Professor Laurent Prévot is a professor in Language Sciences at Aix Marseille Université at LPL (CNRS & AMU) in France and a junior member of the Institut Universitaire de France (IUF) and currently an affiliated researcher at the CEFC Taipei, Academia Sinica thanks to a research leave funded by CNRS. His specialties lie in linguistics, focusing particularly on semantic and pragmatic questions, as well as Natural Language Processing (NLP). Prof. Prévot’s work involves the innovative use of NLP techniques on conversational data, encompassing collaborative efforts across linguistics, neuroscience, and computer science, advancing the understanding of language processing and interaction. 


Prof. Dr. Hin-Tat Cheung  (Asia University, Taiwan )

Professor Hin-Tat Cheung is the Chair Professor at the Department of Audiology and Speech-Language Pathology at Asia University, Taiwan. His expertise spans child language development and various linguistic disorders. A former President of the Linguistics Society of Taiwan, Prof. Cheung has a significant impact on both theoretical and applied linguistics, notably in bilingualism and education. His work often intersects with developmental language research, and has yielded a wealth of publications, particularly focusing on the syntactic abilities in Mandarin-speaking children and the intersection of vocabulary and grammar in developmental language disorders. 
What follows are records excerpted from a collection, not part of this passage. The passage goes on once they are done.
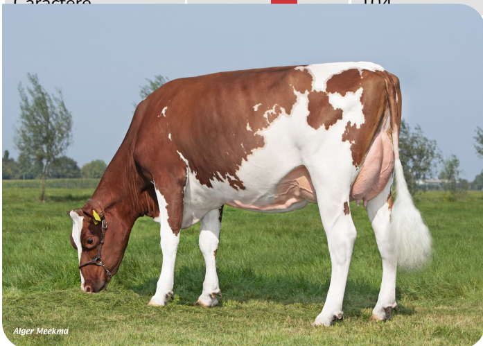
Neeltje 23 (p. Magician RF)
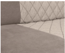
+ Wohnwelt Jupiter
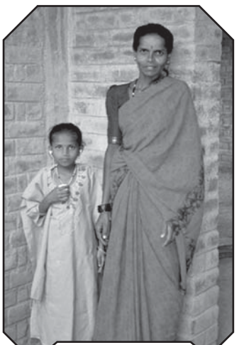
Fière de son nouvel appareil auditif

"Gramina" a aussi créé un foyer dans une petite maison de village pour les plus grandes filles à mobilité réduite habitant trop loin de l'école. Elles y sont en sécurité loin des abus divers qu'elles pourraient subir. Leur taux de réussite scolaire est positif et leurs familles se rendent enfin compte qu'il est important d'éduquer une fille pour faciliter son indépendance future.
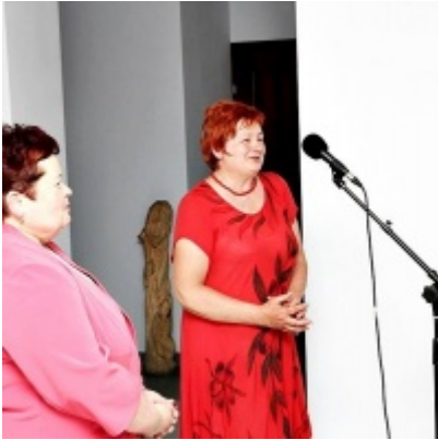
Otwarcie Izby Regionalnej Ziemi Zatorskiej
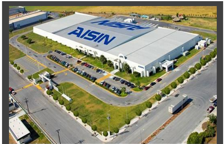
Ilustración 3. Planta de AISIN Manufactura, USA, Seymour, Indiana
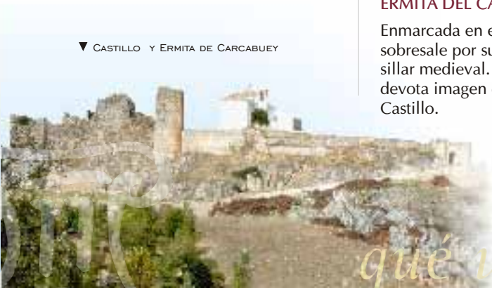
▼ CASTILLO Y ERMITA DE CARCABUEY

Enmarcada en el Castillo de Carcabuey, sobresale por su blanco andaluz sobre el sillar medieval. Acoge en su interior la devota imagen de la Patrona Virgen del Castillo.
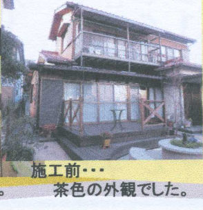
施工前・・・茶色の外観でした。
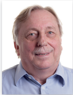
Listenplatz 2 Hermann Paulsen Wahlkreis 5 West
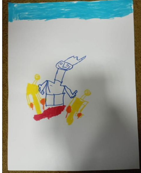
Figura 6 – Desenho de um senhor dançando em torno da pedra.
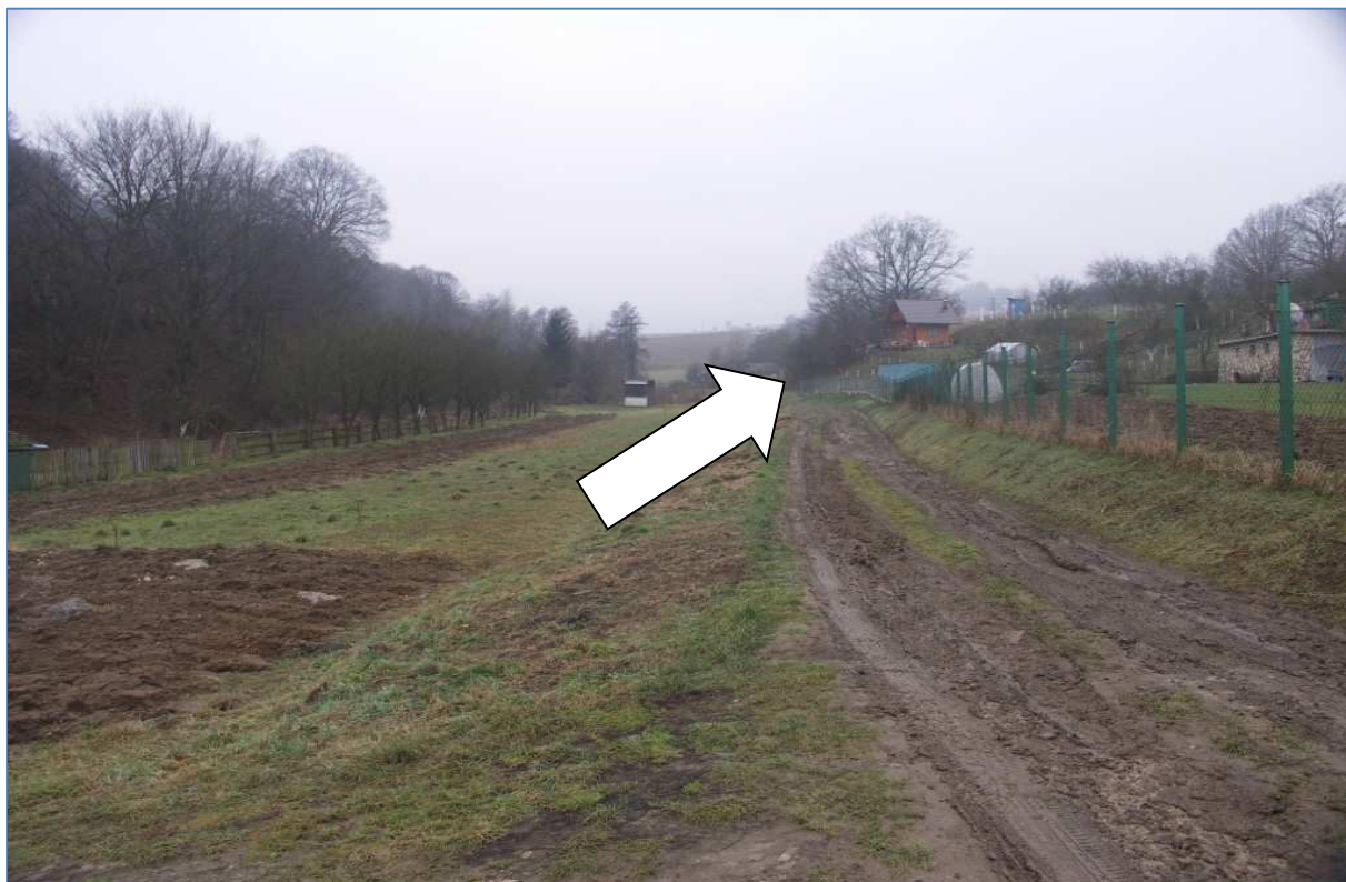
pozemok zarastený stromami za chatou
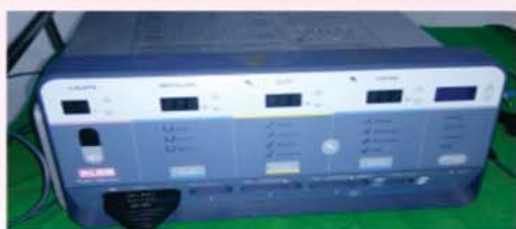
व्हेसल सिलर मशिन
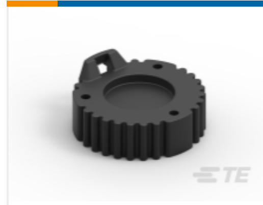
TE 产品编号HDC16-9-E004 DUST CAP ASM
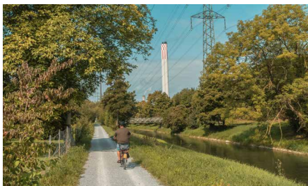
An der Glatt hat es heute feste Uferverbauungen aus Steinblöcken.

Der etappenweise Ausbau dieses Uferwegs ist eine der zentralen Massnahmen im Freiraumkonzept «Fil Bleu Glatt». Der bestehende Weg ist schmal und nicht überall durchgehend. «Das macht dieses Projekt auch für uns einzigartig. Wir haben im Kanton noch nie einen Fuss- oder Radweg in dieser
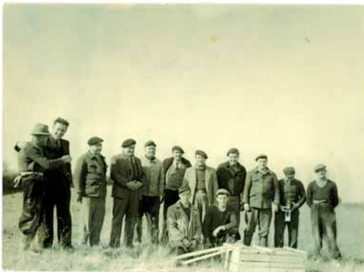
Photo de chasse
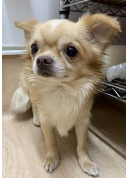
むぎ チワワ 男の子 推定3~4才くらい 2.9kg

初めは人見知りするかもしれませんがすぐに慣れてくれると思います。おやつには目がなくておやつがある時はそばを離れません。基本穏やかな子です。他犬とは上手にお付き合いの出来る子ですので、先住さんがいても大丈夫ですよ。トイレトレーニング中です。
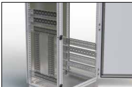
Velký výběr systémových lišt pro vytváření dalších montážních rovin a pozic pro instalace vnitřního vybavení
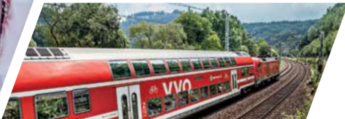
S-Bahn S 1 in der Sächsischen Schweiz
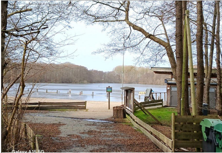
Wakenitz/Naturfreibad "Kleiner See"
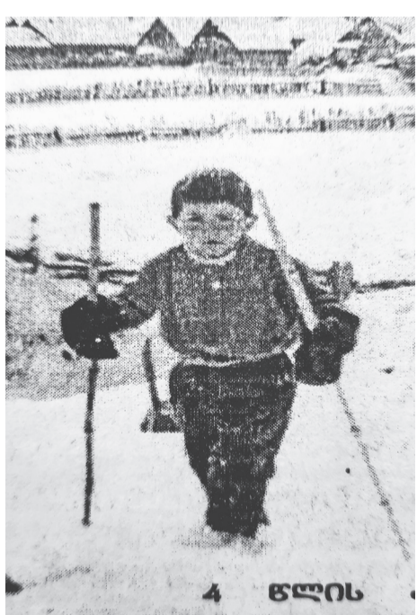
თან ერთად ახტუნებდა.

ბავშვობაში ოჯახს უჭირდა და ცხვარ-ძროხას მწყემსავდა. მამა გააკულაკეს, მერე დაიჭირეს, გადაასახლეს, 36 წლისა გარდაიცვალა. ობლობაში გაიზარდა. დედას ედგა მხარში და ეხმარებოდა. შრომა არ ეზარებოდა და მამის აღერს მოკლებული, დედის, ბიძის და ახლო ნათესავების დახმარებით იზრდებოდა. 6-7 წლის ყმანვილი თავის ტოლ ამხანაგებთან ერთად დასდევდა შეკრებაზე ჩამოსულ სპორტსმენებს, სამხედროებს, აკვირდებოდა მათ ვარჯიშებს, იმხანად ისინი ძველ ტრამპლინზე ვარჯიშობდნენ... გამოცდილი სპორტსმენებისგან ბევრს სწავლობდა. მისი პირველი მწვრთნელი და მასწავლებელი არამ ადამიანიც 5-10 მეტრიან ტრამპლინზე სხებ-
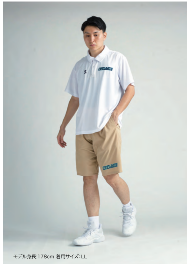
モデル身長:178cm 着用サイズ:LL
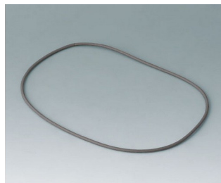
B4710920 Joint M
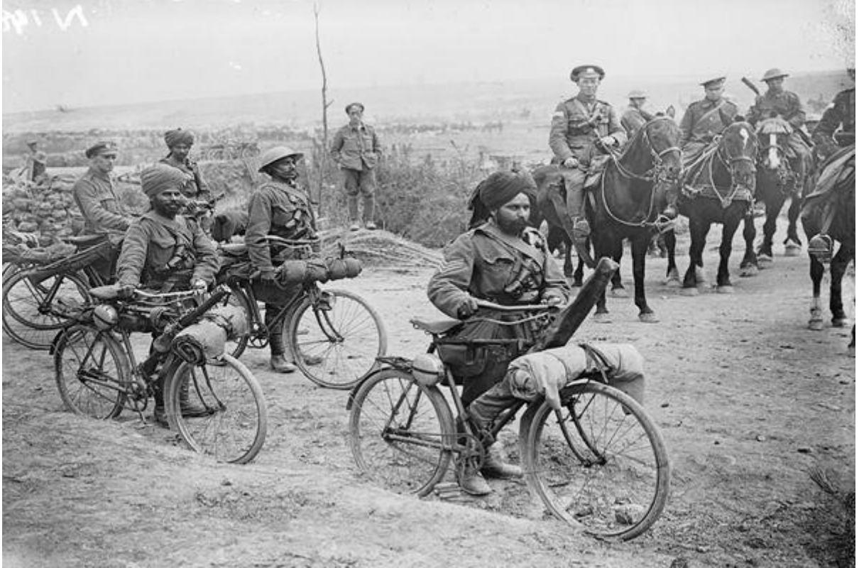
Irak'ta İngiliz, Hint askerleri.

Prof. Dr. Shu-Kai Hsieh  (NTU, Taiwan ) 

Professor Shu-Kai Hsieh is a Professor at the Graduate Institute of Linguistics at National Taiwan University. His research interests span corpus and computational linguistics, lexical semantics, morphology, as well as linguistic philosophy and cognition and language, exploring the complexities of language, but also intersect with the latest in digital humanities and linguistic technology. His scholarly trajectory has been marked by numerous publications and prominent positions at numerous prestigious institutions. Prof. Hsieh is the founder of Taiwan Olympiad in Linguistics (TOL), and serves as the team leader and head coach of the Taiwanese national teams for International Olympiad in Linguistics (IOL).